You can see on the following step which image is being used when deploying an app:
So what I did was change that to an image of my own based on the progrium/buildstep one:
sudo docker run -i -t progrium/buildstep /bin/bash
sudo docker commit <id> myownimage
And to get to the point I have changed the npm install line to run pointing to the http EU repo.
npm install --registry "http://registry.npmjs.eu" --userconfig $build_dir/.npmrc --production 2>&1 | indent
The blog post doesn't mention deleting the config change after updating, which (I'm not an expert) might be important. I think this is a full fix:
D:\repos\js-master\phantomjscloud-backend>npm install npm -g --ca=""
npm http GET https://registry.npmjs.org/npm
npm http 200 https://registry.npmjs.org/npm
npm http GET https://registry.npmjs.org/npm/-/npm-1.4.4.tgz
npm ERR! fetch failed https://registry.npmjs.org/npm/-/npm-1.4.4.tgz
npm ERR! Error: CERT_UNTRUSTED
npm ERR! at SecurePair.<anonymous> (tls.js:1349:32)
npm ERR! at SecurePair.EventEmitter.emit (events.js:92:17)
npm ERR! at SecurePair.maybeInitFinished (tls.js:962:10)

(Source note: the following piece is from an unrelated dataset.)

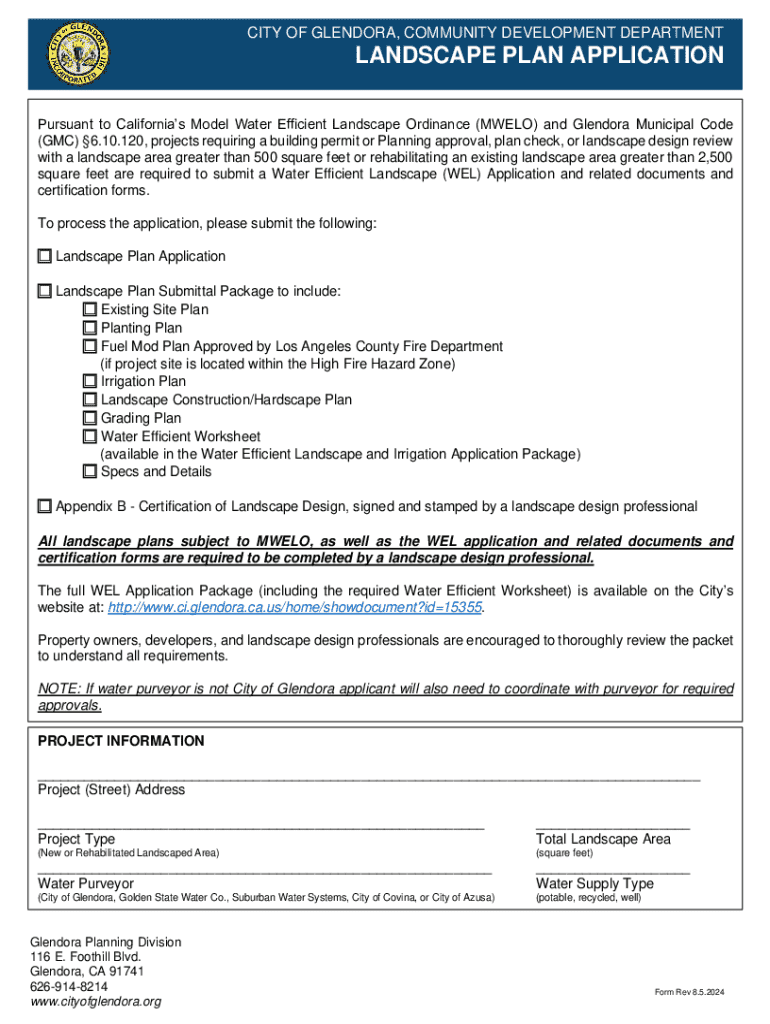 Este formulario es para la solicitud de un Plan de Paisaje conforme a la Ordenanza de Paisajes Eficientes en Agua de California y el Código Municipal de Glendora. Se requiere que los proyectos que
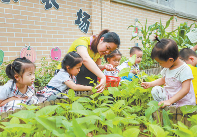江西省贛州市全南縣幼兒園通過開展“合理營養(yǎng)與健康飲食”主題教育活動(dòng),引導(dǎo)孩子們均衡營養(yǎng)、珍惜糧食。圖為老師在幼兒園快樂農(nóng)場教小朋友們采摘蔬菜。

npm ERR! at CleartextStream.read [as _read] (tls.js:463:15)
npm ERR! at CleartextStream.Readable.read (_stream_readable.js:320:10)
npm ERR! at EncryptedStream.write [as _write] (tls.js:366:25)
npm ERR! at doWrite (_stream_writable.js:219:10)
npm ERR! at writeOrBuffer (_stream_writable.js:209:5)
npm ERR! at EncryptedStream.Writable.write (_stream_writable.js:180:11)
npm ERR! at write (_stream_readable.js:573:24)
npm ERR! If you need help, you may report this log at:
npm ERR! <http://github.com/isaacs/npm/issues>
npm ERR! or email it to:
npm ERR! <email@example.com>
If anything, roll out a new version and gracefully drop support for other clients.